Il mondo della dipendenza si articola all’interno di una logica sociale che prende il posto della Funzione Paterna attraverso un meccanismo perverso: il desiderio dell’Altro rimane occultato dietro l’offerta di mercato camuffata da un bisogno del consumatore. Se questo è un meccanismo di organizzazione sociale di cui tutti siamo patenti, nel mondo delle dipendenze si esaspera il paradosso per cui lo stesso consumatore è giudicato colpevole della sua dipendenza. Insomma la partita è sempre giocata fuori dialettica: non si sa dove sia veramente l’Altro in quanto interlocutore. La struttura del contesto sociale replica così la struttura base dei meccanismi di “doppio legame”, per usare un fortunato termine della teoria sistemica, che viveva all’interno del nucleo parentale originario. Troviamo così il soggetto dipendente cristallizzato in un meccanismo fuori dialettica che non si evolve, che non ha una temporalità, che ripete infinitamente lo stesso schema. Così, il paziente in questione, non si riesce ad individuare in un discorso che gli è proprio, nemmeno relativamente al proprio malessere: è parlato da sempre dall’Altro, sebbene non sia quasi mai evidente chi parla a chi.
Se, come il sottoscritto, ci si occupa di Psicosomatica, si ha il vantaggio di potersi riferire a un insieme di fenomeni sintomatici che solo marginalmente è marchiato dal concetto moralistico di un godimento del sintomo (cosa però di cui patiscono gli ipocondriaci). Questo consente di evidenziare, però, come lo stesso schema che interessa un soggetto dipendente, nel campo della malattia del corpo, non corrisponda più a un piacere parassitario, bensì possa prendere le forme più terribili del dolore. Nel paradosso, si radicalizza ancor più la clinica del particolare: la malattia cronica rivela ancor più una dimensione della dipendenza dove l’oggetto del godimento (che non coincide col piacere) risulta più un accidente che non una scelta, mentre la scelta, in senso etico, si riferisce alla ricerca, da parte del soggetto, di una posizione nel mondo, di un’identità psichica da cui avere l’impressione di tenere sotto controllo l’angoscia.

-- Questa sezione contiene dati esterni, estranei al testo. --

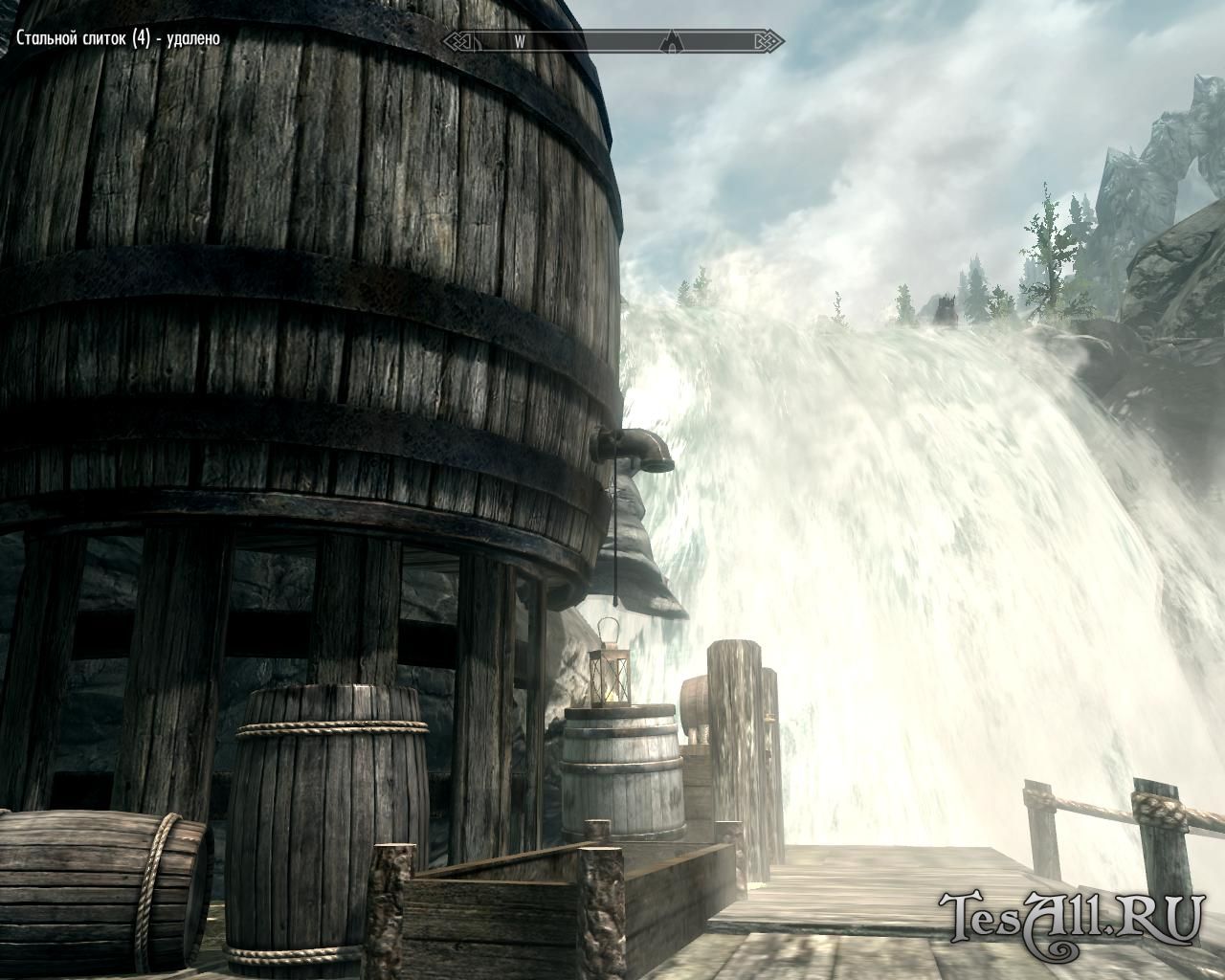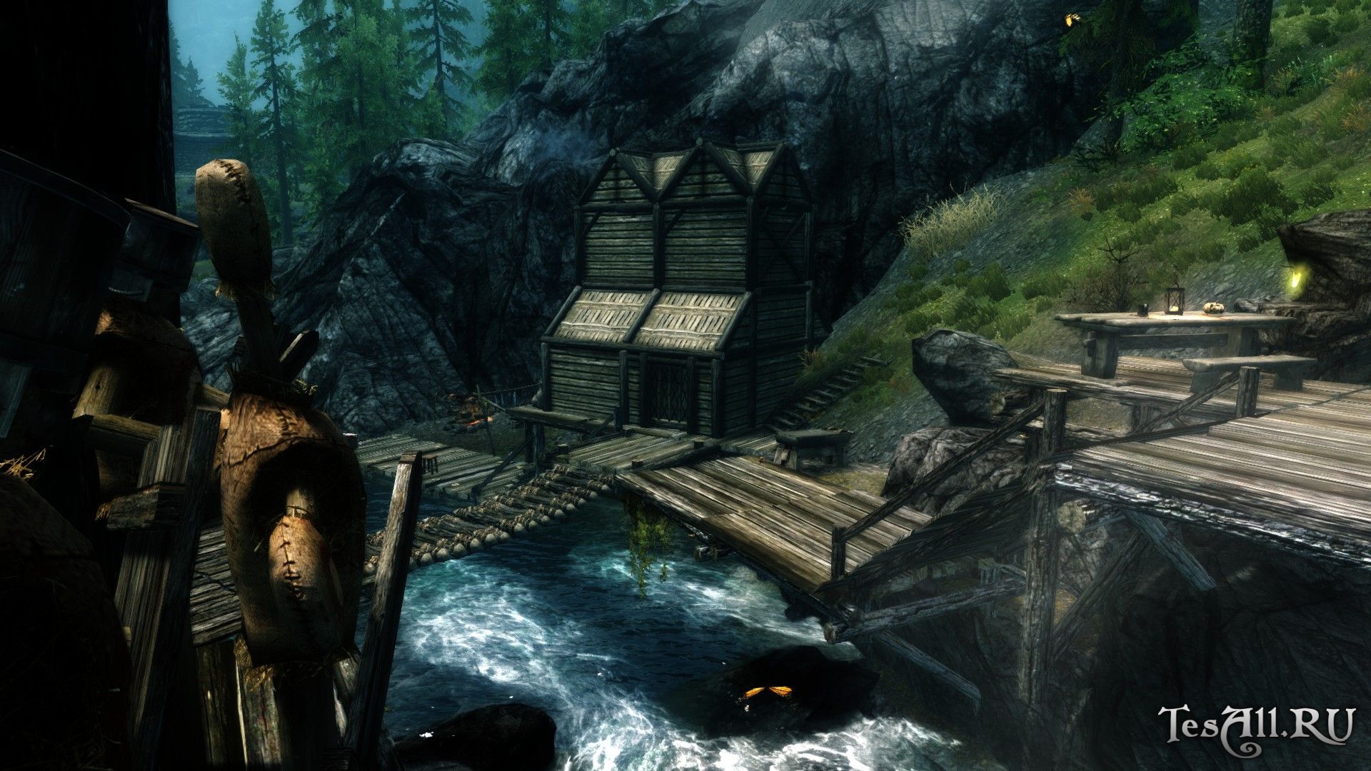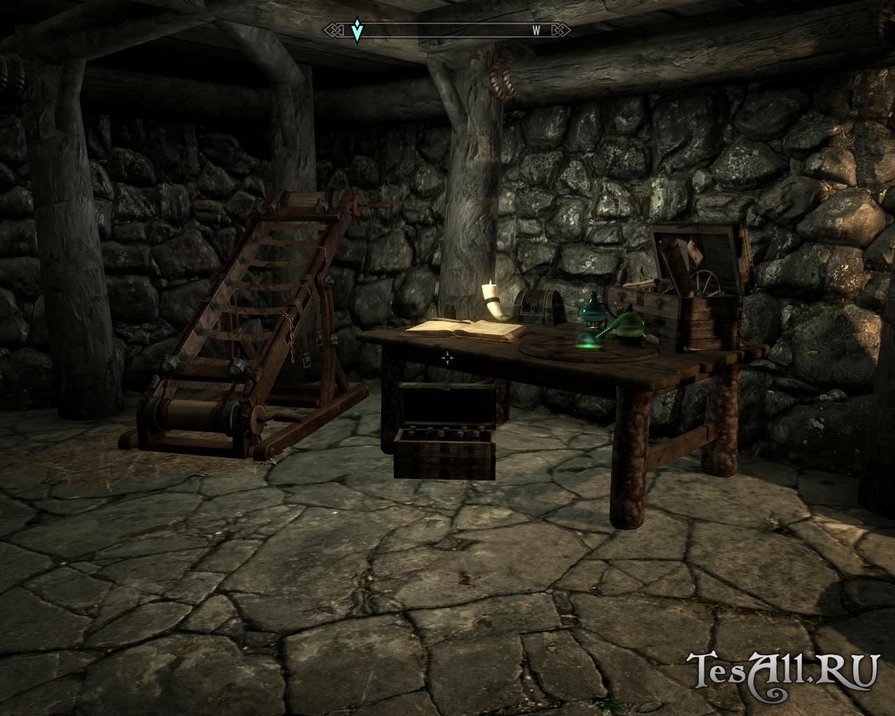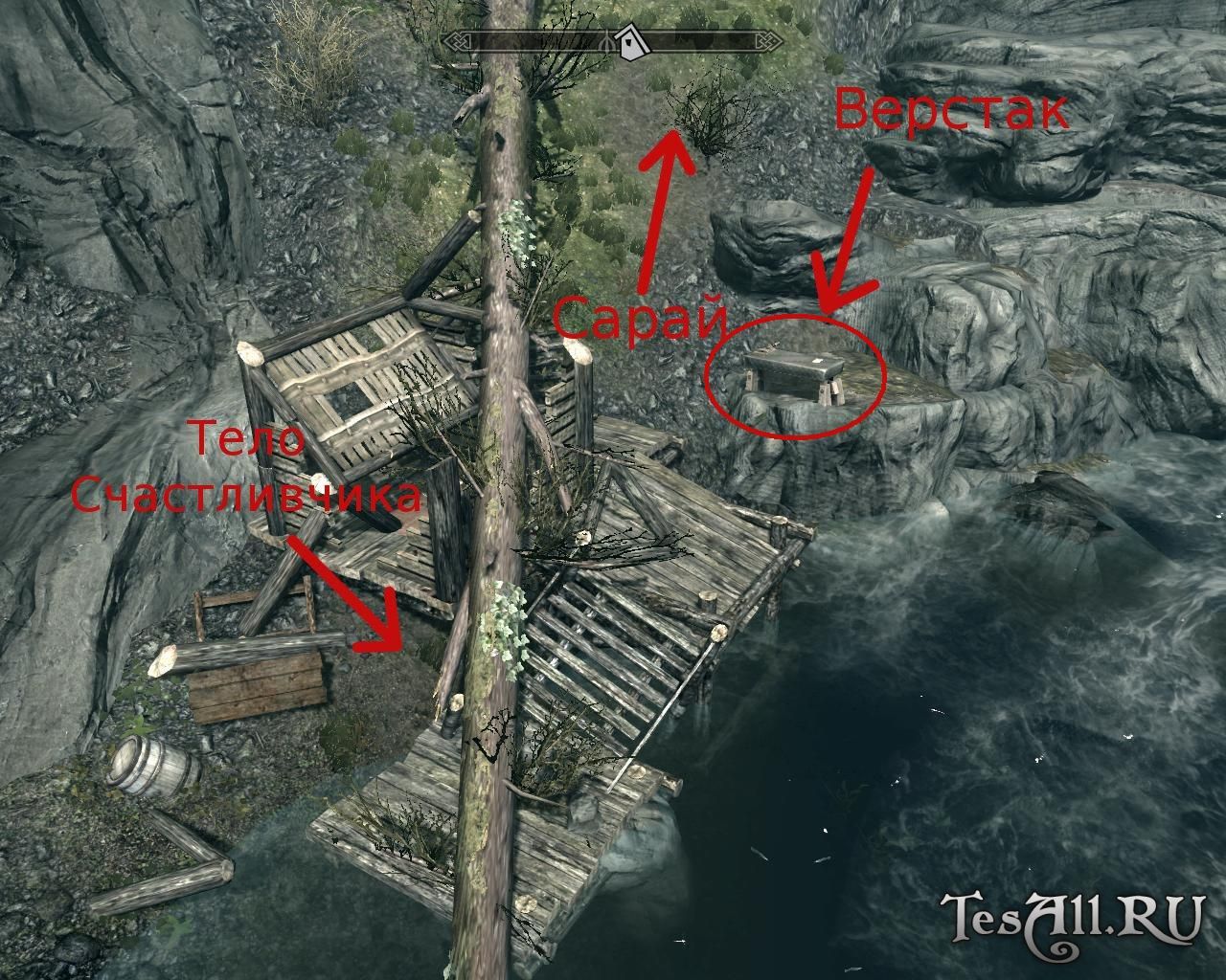 Для начала найдите разрушенную хижину, она находится к востоку от Вайтрана и к югу от Винтерхолда, невдалеке от Убежища Потерянный Нож (скриншот прилагается). Возле сломанной упавшим деревом хижины вы увидите и труп её бывшего хозяина. Сразу же осмотрите тело Счастливчика, у него есть карта сокровищ и ещё кое-какая добыча. Чуть выше вы можете найти сарай для дров — обратите внимание, он вам понадобится. В сарае есть нужная книжка — планы Счастливчика, из которых вы можете узнать, какие материалы и в каком количестве вам понадобятся для того или иного улучшения.

Tutto ciò appare chiaramente in controtendenza assoluta con gli approcci clinici istituzionali alla dipendenza, a partire dai disegni di ricerca che puntano alla generalizzazione. Nel caso della tossicodipendenza, in particolare, l’approccio al “male”, sia in senso diagnostico che terapeutico, avviene generalmente dal lato della classificazione del sintomo in rapporto alla sostanza, all’oggetto e non del processo dinamico che sostiene il rapporto con quel determinato oggetto. Il soggetto così scompare completamente dietro l’epifenomeno comportamentale dell’assunzione del tossico, trovando come contropartita l’assunzione di farmaci che riproducano in forma socialmente controllabile la medesima condizione narcotizzante che il paziente aveva trovato come formula supplettiva all’inabissamento angoscioso nel proprio non essere.
La società munifica di pharmaka magici ripristina la dipendenza ad un altro livello socialmente adattivo, al prezzo comune di rinunciare ancora una volta a una parola propria, al ridursi, come dice Senzolo, a “corpi che non pensano”, come i corpi narcotizzati.
La lezione lacaniana da cui l’autore prende le mosse, si rivela alla fine come uno strumento per dire una verità scomoda e di denuncia. Una psicoanalisi oggi è un’operazione fuori mercato, antieconomica: è la via di una risoggettivazione che non può che passare dallo svelamento di una menzogna, la menzogna dell’Altro che il soggetto deve imparare ad attraversare, dolorosamente come è dolorosa ogni caduta di ideale.
La psicoanalisi è di per sé una denarcotizzazione dall’Altro!